Dreams is a 2004 Indian Tamil-language romance film directed by Kasthuri Raja and produced by Saraswathi Srikanth. The film featured Raja's son Dhanush in the lead role with Diya. The music was composed by Bharadwaj with cinematography by Kichas. The film released on 12 November 2004 and opened to negative reviews and became a failure at the box office.

Premise
Shakti, a young man, is spoilt by his father and leads a wayward life. However, when he falls in love, he works on changing himself for the better but things take a turn for the worse.

Cast

 Dhanush as Shakti
 Diya as Shruti
 Parul Yadav as Charu
 Pyramid Natarajan as Shakti's father
 Rajyalakshmi as Shakti's mother
 Kaajal Pasupathi as Shakti's friend
 Ramji as Guna
 Manobala as Moosa
 Thalaivasal Vijay as Mahendran, Shruti's father
 Kuyili as Charu's mother
 Nithin Sathya as Shakti's friend
 Rajesh
 Poovilangu Mohan
 Karthik Sabesh
 Aryan
 Bala Singh
 Sujibala
 Vasanthi in a special appearance

Production

The project was launched shortly after the success of Thulluvadho Ilamai in 2002, but as Dhanush's Kaadhal Kondein became a large success, Dreams was stalled temporarily as Dhanush's dates became blocked.

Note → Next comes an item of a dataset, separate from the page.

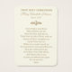 Este exquisito cartão sagrado apresenta o Menino Jesus num momento de profunda reverência Eucarística, representado amorosamente no estilo de uma imagem sagrada tradicional. O Menino Jesus, radiante de inocência e paz divina, segura uma Hóstia brilhante com o monograma sagrado "IHS" e um cálice dourado ornamentado, simbolizando a Sua Presença Real no Santíssimo Sacramento. A Sua face suave é coroada por um halo luminoso, enquanto um brilho sagrado suave e uma moldura ricamente detalhada de rosas e lírios enquadram a cena com reverência e pureza. Ideal para a Primeira Comunhão, Adoração Eucarística ou exposição devocional, este cartão é um convite terno para se aproximar do Coração de Jesus na Sagrada Eucaristia.

The film ran into a legal tussle with the makers of his other film, Sullan, with the producers adamant that Dreams was released first although to no avail. The film's delay meant that Dhanush shot ten straight days for the project to complete it, while the delay also had resulted in failings in continuity. By the time of the release, the producer Srikanth and director Kasthuri Raja were still engaged in a legal tussle.

Music

Release
The film upon release in November 2004 gained unanimously poor reviews from critics. A critic described that the "film is poor pastiche of double meanings, bedroom scenes and a few other vulgar segments", criticizing all aspects and giving it a verdict as a "dull and laborious film".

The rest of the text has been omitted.